The double-blind, placebo-controlled, phase 3 PAOLA-1 trial enrolled patients with newly diagnosed, advanced, FIGO stage III to IV, high-grade, serous or endometrioid ovarian, fallopian tube, or peritoneal cancer who had achieved a complete response (CR) or partial response (PR) to frontline platinum-based chemotherapy and bevacizumab, irrespective of genetic biomarker status or outcome before surgery.
Participants were randomized in a 2:1 fashion to received either olaparib/bevacizumab (n = 537) or bevacizumab/placebo (n = 269) for frontline maintenance treatment. Bevacizumab was given at a dose of 15 mg/kg every 3 weeks on day 1 of the treatment cycle. In the experimental arm, olaparib was administered at a dose of 300 mg twice daily.
The primary end point of the trial was investigator-assessed PFS, while key secondary end points included PFS2, overall survival, time until first subsequent therapy or death, and global health status–quality of life dimension of the European Organization for Research and Treatment of Cancer Quality of Life Questionnaire.
With regard to safety, the most common toxicities reported in 20% or more patients in the investigational and control arms, respectively, included fatigue (53% vs 32%), nausea (53% vs 22%), hypertension (46% vs 60%), anemia (41% vs 10%), lymphopenia (24% vs 9%), vomiting (22% vs 11%), and arthralgia (22% vs 24%).

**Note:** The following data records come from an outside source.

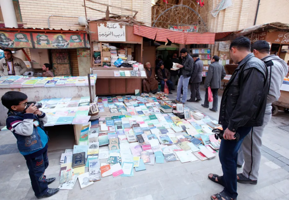 *一名男子在巴格达的穆塔纳比街上卖书。卡马尔·哈希姆(左侧照片中的摄影师)游历著名街道,用他的单反相机拍摄巴格达人。他是获得多个地方奖项的最年轻的伊拉克摄影师, 据伊拉克摄影协会称。(路透社)*街道上挤满了外国豪华车,甚至(偶尔)还有骑自行车的人。这里有一个新兴的 夜总会场景,骑着装饰着迪斯科球的船在底格里斯河上游玩是这座城市年轻人的时尚活动。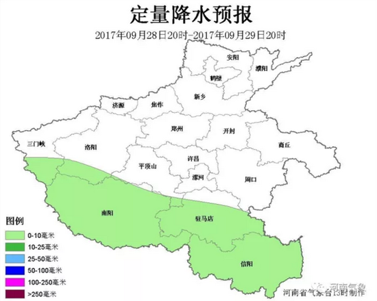29日,許昌以南大部分地區有小雨,其中信陽地區和南陽、駐馬店兩地區南部有中雨,局部大雨。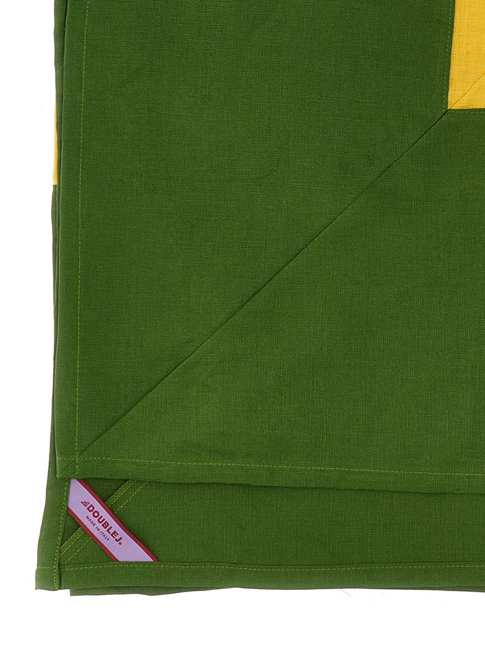 Elevate your dining experience with La Double J's 'Rainbow Sky' tablecloth, a stunning linen piece that brings vibrant colorblock design to your table. Crafted from premium linen, this tablecloth features a bold combination of rich green, sunny yellow, and soft sky blue hues that create a joyful, sophisticated aesthetic.
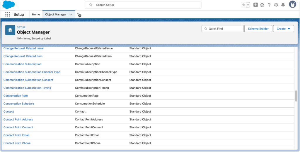 12. To get the Contact Object Name for the CMS (this will be the table where you wish to extract the data from in Salesforce to go to the CMS) open the Object Manager tab, and scroll to find the label you require. Copy the API Name field and save to the notepad.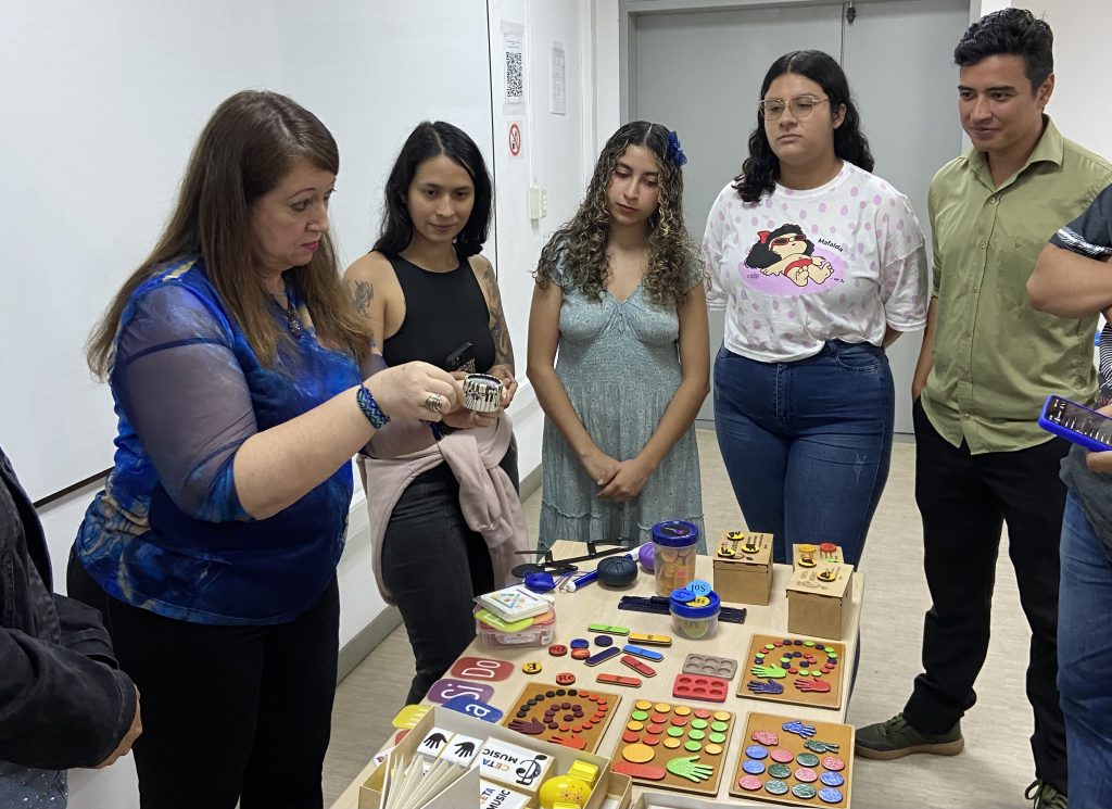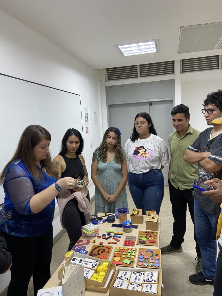 Entre estas actividades está el taller “Sonidos de Música”, liderado por la docente María Cecilia Tamayo, de la Licenciatura en Artes Visuales, un espacio diseñado para que los estudiantes exploraran diferentes herramientas y estrategias pedagógicas aplicables en el aula. A través de la experimentación con los sonidos cotidianos y de la naturaleza, los participantes crearon materiales basados en sus propias vivencias, fortaleciendo sus habilidades para el trabajo pedagógico y metodológico. Este taller estuvo dirigido no solo a estudiantes de la Licenciatura en Artes Visuales, sino también de la Licenciatura en Música y demás programas de la Facultad, fomentando la interdisciplinariedad y la creatividad como ejes del aprendizaje artístico.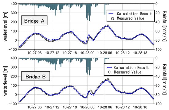 River and the Imai River is the area where combined sewers are used and rainwater is discharged through them, calculation of the runoff into the river was not conducted for this area and rainwater collection calculation and sewer pipeline calculations were conducted instead. The division of catchments is shown in Figure 8, with the area and runoff ratio of each catchment shown in Table 2. The flood concentration time was uniformly set to 1 h. The operational standard established by Kanagawa prefecture, which has been in use since 2004, was employed for the branching point of the Katabira River and its floodway, and the ratio of the runoff amount between the diversion channel and main stream was set at 8:2 until the flow through the floodway reached 260 m3/s. After that point, every runoff was set to flow into the main stream. When conducting the river channel calculation, the flow amount was given as the boundary condition to the upstream end of the Imai River and upstream from the confluence of the Imai and Katabira Rivers (the point indicated with a red star in Figure 8), and the tide level was given as the boundary condition to the downstream end of the Katabira River. The roughness coefficient n was set at n = 0.034 uniformly throughout the area [30]. A verification of the accuracy of the river channel runoff calculation was conducted by comparing the real measurement of the water level and the calculation result. The rainfall event used for the calculation was typhoon Saola from 2017 at the point of its arrival; the two days between 0:00 on October 27, 2017 and 24:00 on October 28, 2017 were studied. The rainfall data observed by the ground rain gauge were used for the examination. The accumulated rainfall during this event was 193 mm. Figure 9 shows the comparison of the calculation result and measurement. The measurement was reproduced at Bridge A, located 1.8 km from the river mouth, and at Bridge B, located 1.6 km from the river mouth (see Figure 8).

Updated results from the trial were presented during the 2020 ESMO Virtual Congress on response rates for patients with evidence of disease per RECIST criteria and/or CA-125 criteria at study entry. Here, the ORRs per RECIST criteria were 30% with olaparib/bevacizumab versus 25% with bevacizumab alone in the overall population.4
When broken down by subgroup, those with BRCA mutations (n = 47) experienced ORRs of 64% with the combination versus 42% with bevacizumab alone; 53% versus 31%, respectively in those with HRD positivity including BRCA mutations (n = 81), 32% versus 21% for those with HRD positivity without BRCA mutations (n = 33), and 13% versus 15% in those with HRD negativity (n = 83).
Moreover, the CA-125 response rate in the overall population with olaparib/bevacizumab was 36% versus 29% with bevacizumab alone. When broken down by subgroup, the CA-125 response rates with the combination in BRCA-positive patients was 83% versus 60% with bevacizumab alone; 70% versus 63%, respectively in those with HRD positivity, 50% versus 67% in those with HRD positivity and BRCA negativity, and 20% versus 0% in those with HRD negativity.
In May 2020, the FDA approved olaparib in combination with bevacizumab for the maintenance treatment of patients with advanced ovarian cancer who are in complete or partial response to frontline platinum-based chemotherapy based on findings from PAOLA-1.
Previously, in December 2018, the FDA approved olaparib for use as a maintenance treatment in patients with deleterious or suspected deleterious germline or somatic BRCA-mutated advanced epithelial ovarian, fallopian tube, or primary peritoneal cancer who are in CR or PR to frontline platinum-based chemotherapy based on data from the phase 3 SOLO-1 trial.